- _TASK DESCRIPTION_
With the pictures set aside, reproduce each entry precisely as it reads.

DATA Start Marker

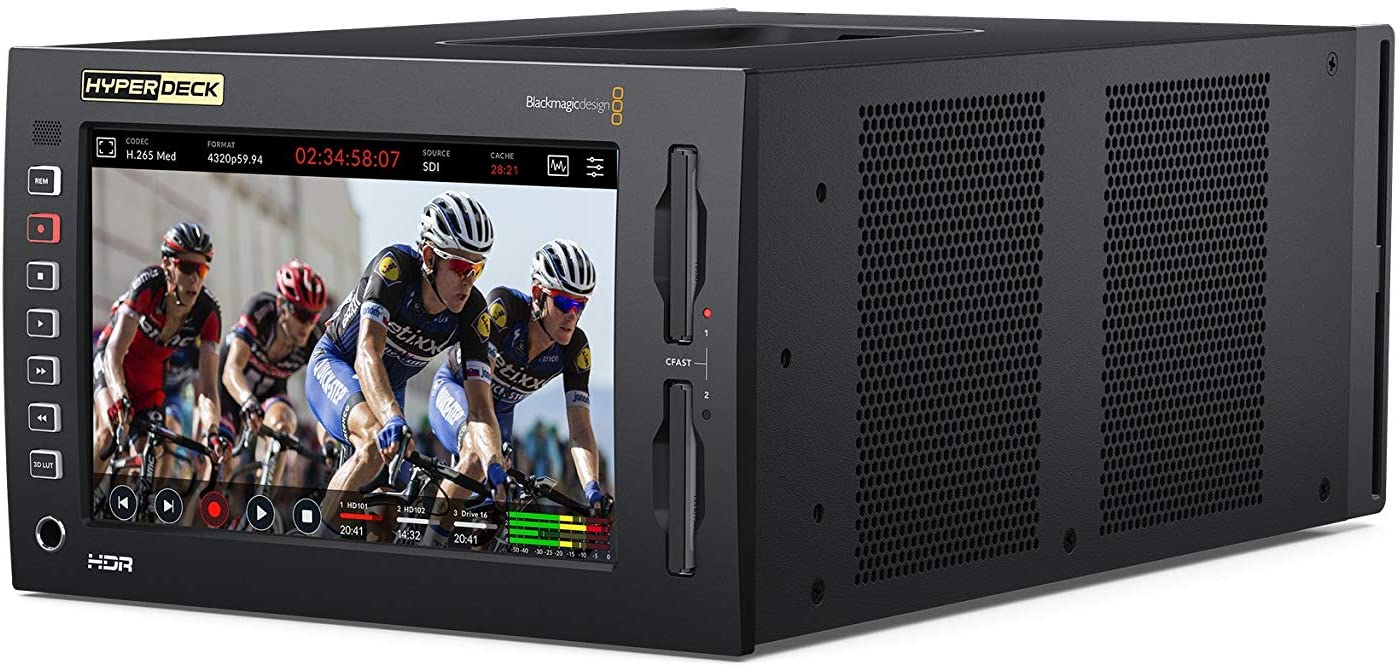 Việc hỗ trợ thẻ CFast cho phép bạn ghi nội dung ở tốc độ cao. Các file H.265 đủ nhỏ để cho phép bạn ghi 8K lên các thẻ CFast tiêu chuẩn. Ngoài ra, với hai slot thẻ, bạn có thể thay thẻ đã đầy khi thẻ kia đang ghi, cho phép ghi trong thời gian vô tận. Thẻ CFast là loại hoàn hảo cho truyền hình vì chúng nhỏ, có tốc độ cao và giá cả hợp lý. Bạn thậm chí có thể dùng Blackmagic MultiDock 10G để ghi nội dung lên ổ cứng SSD. VỚi H.265, bạn có thể ghi 498 phút nội dung 8K60p lên một thẻ nhớ 1TB, 1059 phút ở 2160p60 ultra HD và 2354 phút ở 1080p5994 lên một thẻ nhớ 1TB. Tương đương với hơn 8 tiếng ở 8K và 39 tiếng ở HD.
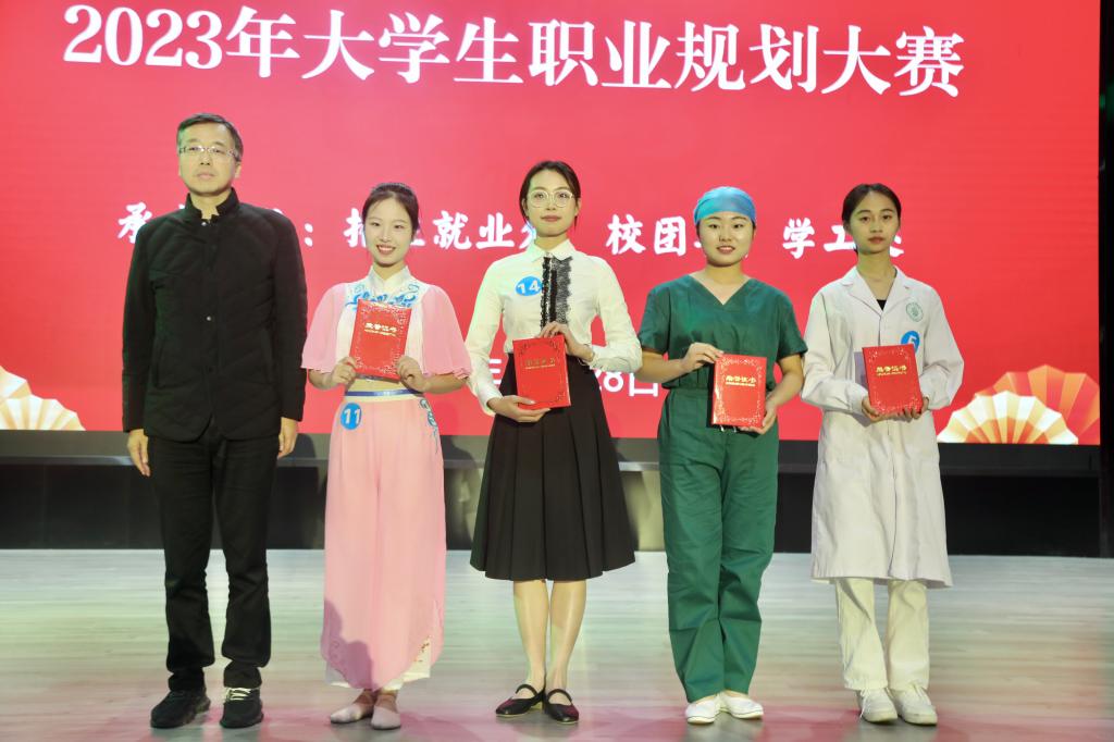 评委们根据选手的职业规划合理性、目标设定清晰度、行动计划可行性以及现场表现等方面进行综合评判。经过紧张激烈的角逐,最终评选出成长赛道金奖2名、银奖3名、铜奖5名;就业赛道金奖2名、银奖2名。校领导及招生就业处处长彭艳飞为获奖学生颁奖。
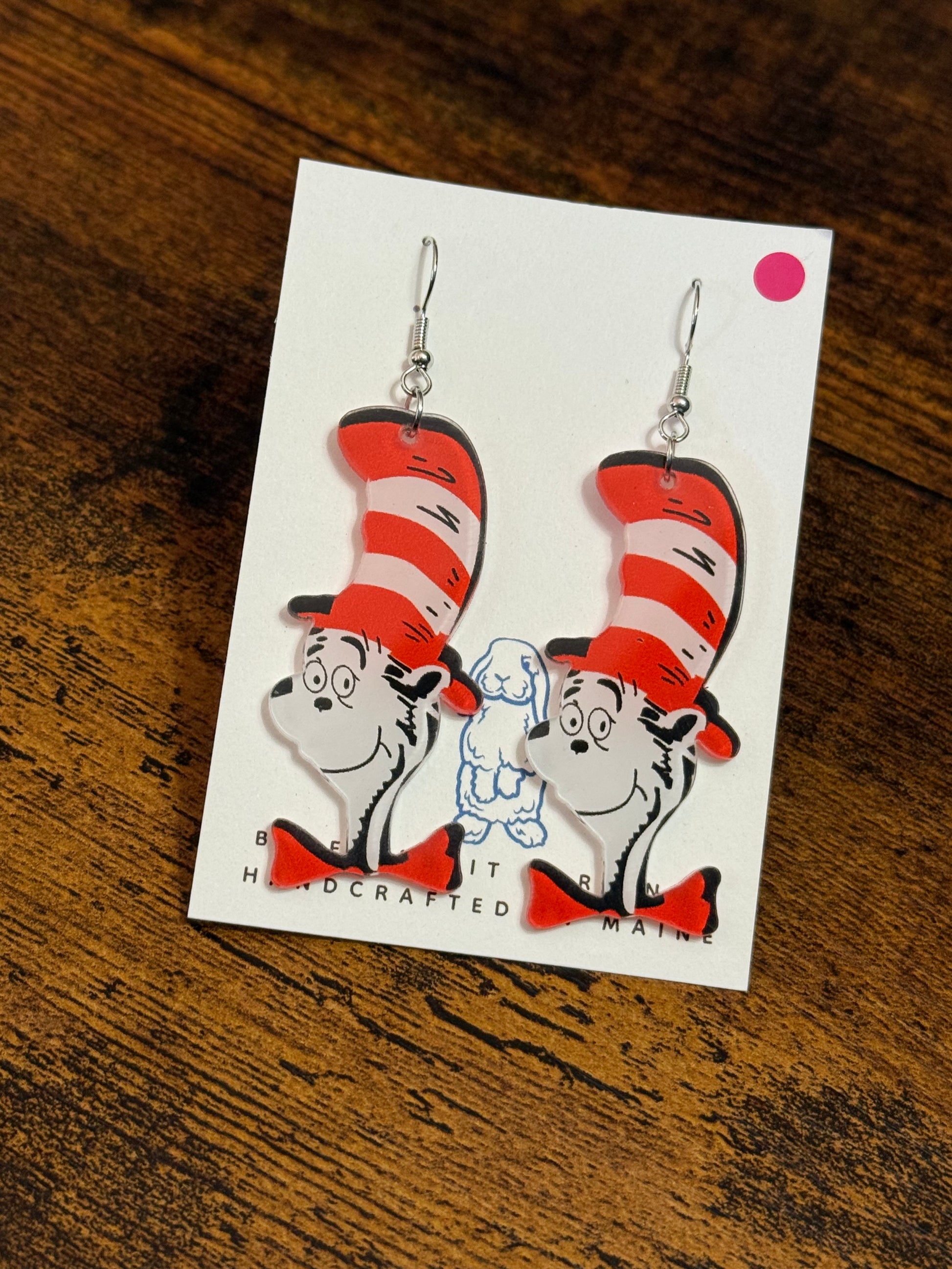 Acrylic cat in the hat inspired earrings. Stainless steel findings.
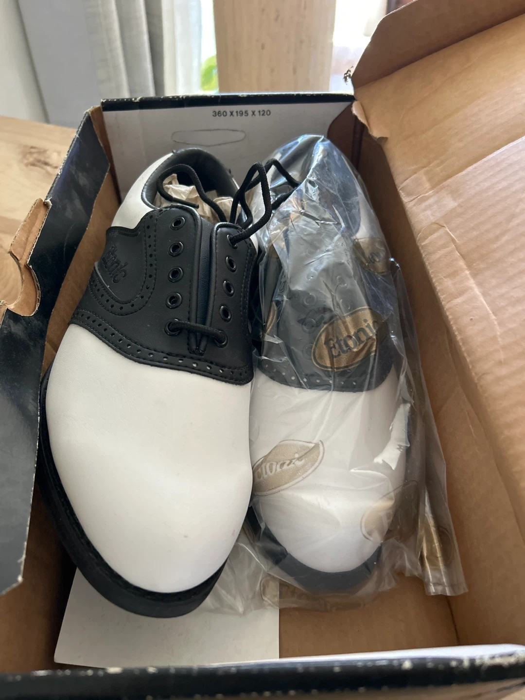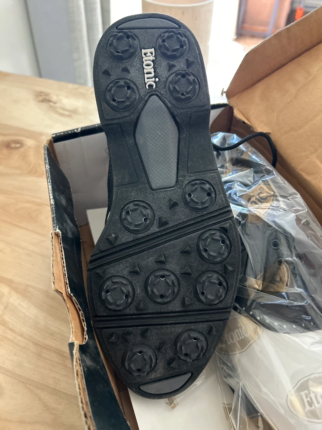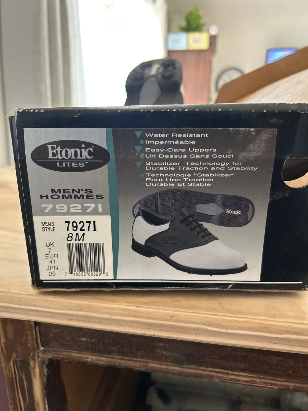 Selling a brand new pair of Etonic Lites men's golf shoes in size 8M. These shoes are water-resistant and have easy-care uppers. They also feature stabilizer technology for durable traction and stability. Comes with the original box!
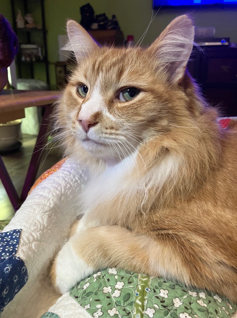 It appears he has a bit of a high prey drive. That means, when one of the other cats runs by him, his instincts kick in and he gives chase. With Rupert, this isn’t an issue. Rupert loves to be chased. And Rupert is fast, so he can usually get under something before Furby can catch him.

DATA End Marker

- _YOUR RESPONSE_
 Việc hỗ trợ thẻ CFast cho phép bạn ghi nội dung ở tốc độ cao. Các file H.265 đủ nhỏ để cho phép bạn ghi 8K lên các thẻ CFast tiêu chuẩn. Ngoài ra, với hai slot thẻ, bạn có thể thay thẻ đã đầy khi thẻ kia đang ghi, cho phép ghi trong thời gian vô tận. Thẻ CFast là loại hoàn hảo cho truyền hình vì chúng nhỏ, có tốc độ cao và giá cả hợp lý. Bạn thậm chí có thể dùng Blackmagic MultiDock 10G để ghi nội dung lên ổ cứng SSD. VỚi H.265, bạn có thể ghi 498 phút nội dung 8K60p lên một thẻ nhớ 1TB, 1059 phút ở 2160p60 ultra HD và 2354 phút ở 1080p5994 lên một thẻ nhớ 1TB. Tương đương với hơn 8 tiếng ở 8K và 39 tiếng ở HD.
 评委们根据选手的职业规划合理性、目标设定清晰度、行动计划可行性以及现场表现等方面进行综合评判。经过紧张激烈的角逐,最终评选出成长赛道金奖2名、银奖3名、铜奖5名;就业赛道金奖2名、银奖2名。校领导及招生就业处处长彭艳飞为获奖学生颁奖。
 Acrylic cat in the hat inspired earrings. Stainless steel findings.
 Selling a brand new pair of Etonic Lites men's golf shoes in size 8M. These shoes are water-resistant and have easy-care uppers. They also feature stabilizer technology for durable traction and stability. Comes with the original box!
 It appears he has a bit of a high prey drive. That means, when one of the other cats runs by him, his instincts kick in and he gives chase. With Rupert, this isn’t an issue. Rupert loves to be chased. And Rupert is fast, so he can usually get under something before Furby can catch him.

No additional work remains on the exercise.